不同消毒方式对草莓连作土壤的影响

doi:10.16178/j.issn.0528-9017.20240891

摘要/Abstract

摘要：

为深入探讨草莓连作土壤对不同消毒方式的响应,本研究设置了3个处理组:T1(臭氧水消毒)、T2(次氯酸水消毒)、T3(高温高压灭菌),以清水处理为对照,研究不同消毒方式在处理后1、15、30 d对土壤理化性质、土壤酶活性及土壤微生物生物量的影响。结果表明,臭氧水、次氯酸水处理以及高温高压灭菌处理均在不同程度上影响了土壤理化性质和土壤酶活性,三者均提高了土壤pH值。其中,臭氧水有效提高了土壤中的速效钾、速效氮含量。次氯酸水处理后的土壤养分含量变化不明显,酸性磷酸酶(ACP)、亮氨酸氨基肽酶(LAP)、纤维素二糖水解酶(CBH)活性处于较高水平,可溶性有机碳(DOC)含量高于其他处理。

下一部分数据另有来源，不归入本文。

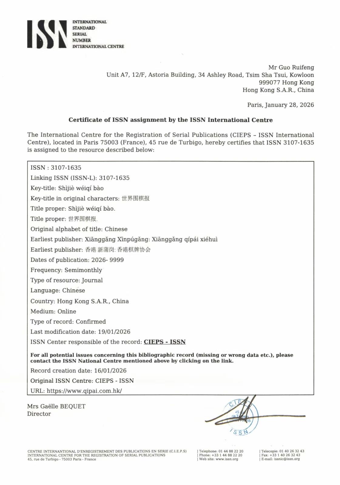向世界讲好中国围棋故事|汉谋集团官方媒体《世界围棋报》正式获批 2026年2月4日 13:55:0715989445187 15989445187 管理员 关注 40文章 0粉丝 官方发布评论84阅读模式 汉谋集团官方媒体《世界围棋报》获批。 恭喜在立春之日迎来这一里程碑! 《世界围棋报》正式获国际ISSN认证,汉谋集团"用围棋连接世界"战略布局再落关键一子。 2026年2月4日,立春时节,万象更新。汉谋集团今日宣布,旗下官方媒体《世界围棋报》(Shìjiè Wéiqí Bào)已正式获得国际标准连续出版物号(ISSN: 3107-1635),由位于法国巴黎的ISSN国际中心于2026年1月28日颁发认证证书。 《世界围棋报》由香港棋牌协会主办,以中文为主要语言,采用线上半月刊形式发行,致力于向全球传播围棋文化、赛事资讯及行业动态。 此次获批标志着汉谋集团"用围棋连接世界"核心理念的战略布局再进一步。 汉谋集团董事长仇振磊先生表示:“围棋承载着东方智慧,是跨越语言与国界的文化桥梁。《世界围棋报》的正式获批,是我们向世界讲好围棋故事的新起点,我们将努力向着“让围棋走向世界,让世界读懂中国围棋”的目标稳步前行。期待这份承载着东方智慧的期刊,能在全球棋迷心中种下文化的种子,让围棋的经纬线编织出跨越山海的友谊与共鸣。” 未来,汉谋集团将持续深耕围棋产业生态,以媒体为声、以认证为信、以协会为基,推动围棋文化走向世界舞台。 世界围棋报官网: www.qipai.com.hk 文章末尾固定信息 承载千年棋道,开启全球视野 ——《世界围棋报》创刊词 第二期:有6篇文章汇总 第一期:有6篇文章汇总 香港优势与国际化战略——为什么是香港 点赞 https://www.qipai.com.hk/archives/34 复制链接 复制链接 我的微信 微信号已复制 我的微信 微信扫一扫

此外,高温高压灭菌处理降低了土壤中速效磷、有机质的含量和β-葡萄糖苷酶(βG)、ACP活性,但该处理下的DOC、微生物生物量磷(MBP)含量较高。综上,本试验所选的3种消毒方式均对草莓连作土壤有一定的改良效果,且与传统的化学消毒方式相比均没有化学残留,环保性较好,在现代农业生产中有着广泛的应用前景。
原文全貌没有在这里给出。